Gesture2Text is a research-oriented prototype exploring accessible, camera-based communication through classical machine learning.
Gesture2Text is an experimental hand gesture recognition system based on machine learning, focused on inclusive human–computer interaction and assistive technologies. The project explores how feature-based machine learning models can enable basic communication through predefined hand gestures captured via a standard webcam, without the need for speech, touch input, or specialized hardware.
The system is designed for people with speech or motor impairments, as well as for environments where voice control is unreliable (noise, privacy constraints). All processing is performed locally and offline.
A short demo (real-time webcam recognition) will be added in a future update.
- Classical machine learning–based gesture classification
- Real-time hand gesture recognition using a webcam
- Offline inference (no cloud services required)
- Lightweight ML pipeline (classical ML, no deep learning inference at runtime)
- Built on MediaPipe Hands and scikit-learn
- Gesture stabilization and confidence filtering
- Optional text-to-speech output
- Modular structure suitable for academic and research use
The current version supports a fixed vocabulary of intentional gestures:
- HELP
- STOP
- WATER
- PAIN
- YES
- NO
- CALL
- OK
In addition, the system includes a dedicated fallback class:
- UNKNOWN — used to group all gestures outside the trained set and reduce false positives
The UNKNOWN class is intentionally included to improve safety and robustness. It allows the system to ignore untrained or ambiguous hand poses. The gesture set can be extended in future versions by collecting additional data and retraining the model.
The model is trained on a custom-collected dataset and evaluated using held-out samples to assess generalization across gestures and users.
The processing pipeline consists of the following stages:
MediaPipe Hands detects a single hand and outputs 21 three-dimensional landmarks per frame.
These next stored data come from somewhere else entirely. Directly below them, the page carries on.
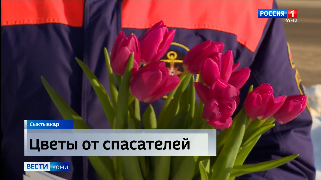 Сотрудники Главного управления МЧС по Коми поздравили жительниц Сыктывкара с наступающим 8 Марта
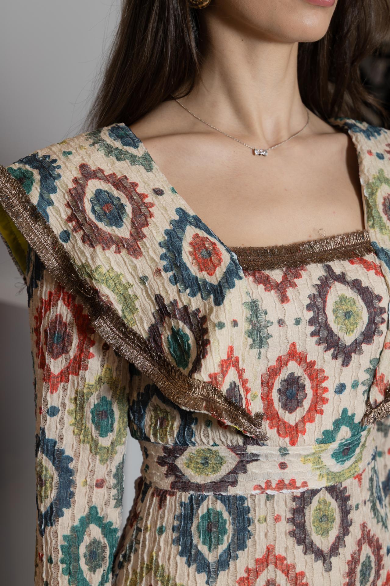 Vestido largo, de manga francesa, con estampados circulares en tonos tierra y solapas por encima de los hombros y con pequeñas tiras de hilos cosidos en dorado, dándole un toque super especial. Lleva forro.
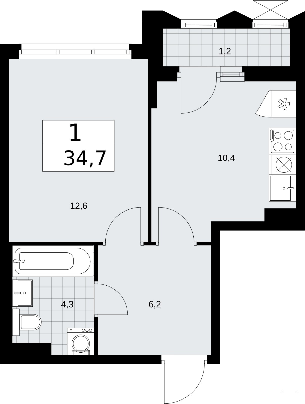 - 12.6 м²

Each frame is converted into a 63-dimensional feature vector:
- Coordinates are centered at the wrist
- Hand scale is normalized using the middle finger length
- Left and right hands are aligned into a unified coordinate system
- Features are flattened into a fixed-length vector
A scikit-learn pipeline is used:
StandardScalerfor normalization- Multinomial Logistic Regression for classification
- Temporal smoothing
- Confidence thresholds
- UNKNOWN class filtering to reduce false positives
gesture2text/
├── src/
│ ├── app/
│ │ ├── main.py # Entry point (optional wrapper)
│ │ └── run_camera.py # Real-time webcam application
│ ├── ml/
│ │ ├── features.py # Feature extraction logic
│ │ ├── train.py # Model training script
│ │ └── predict_one.py # Offline prediction / evaluation tool
│ ├── vision/
│ │ └── hand_tracker.py # MediaPipe Hands wrapper
│ └── data/
│ ├── analyze_dataset.py # Dataset inspection and sanity checks
│ ├── collector.py # Interactive data collection tool
│ ├── raw/ # Raw datasets (ignored by Git)
│ └── models/ # Trained models (ignored by Git)
├── requirements.txt
├── .gitignore
├── run.sh
├── run.command
└── run.bat
git clone https://github.com/valerii-barenkov/gesture2text.git
cd gesture2text
python -m venv .venv
macOS / Linux:
source .venv/bin/activate
Windows (PowerShell):
.venv\Scripts\activate
pip install -r requirements.txt
macOS / Linux:
./run.sh
or
./run.command
Windows:
run.bat
Alternatively, you can run directly:
PYTHONPATH=src python src/app/run_camera.py
The application starts the webcam feed and displays recognized gestures in real time.
To collect new gesture samples:
PYTHONPATH=src python src/data/collector.py
This tool allows:
- Switching users
- Assigning gesture labels via keyboard
- Saving collected samples to CSV files
Collected data is stored locally and is not tracked by Git.
To train a new model from collected data:
PYTHONPATH=src python src/ml/train.py --dataset combined
The training script:
- Loads and validates the dataset
- Extracts features
- Trains a classifier
- Saves a bundled model (pipeline and metadata)
To evaluate a trained model on stored samples:
PYTHONPATH=src python src/ml/predict_one.py --n 500
To inspect a single sample:
PYTHONPATH=src python src/ml/predict_one.py --row 0
- Trained on: custom multi-user gesture dataset
- Model: classical ML baseline with UNKNOWN class
- Status: working research prototype
- Evaluation: metrics will be added in future experiments
This project is licensed under the MIT License.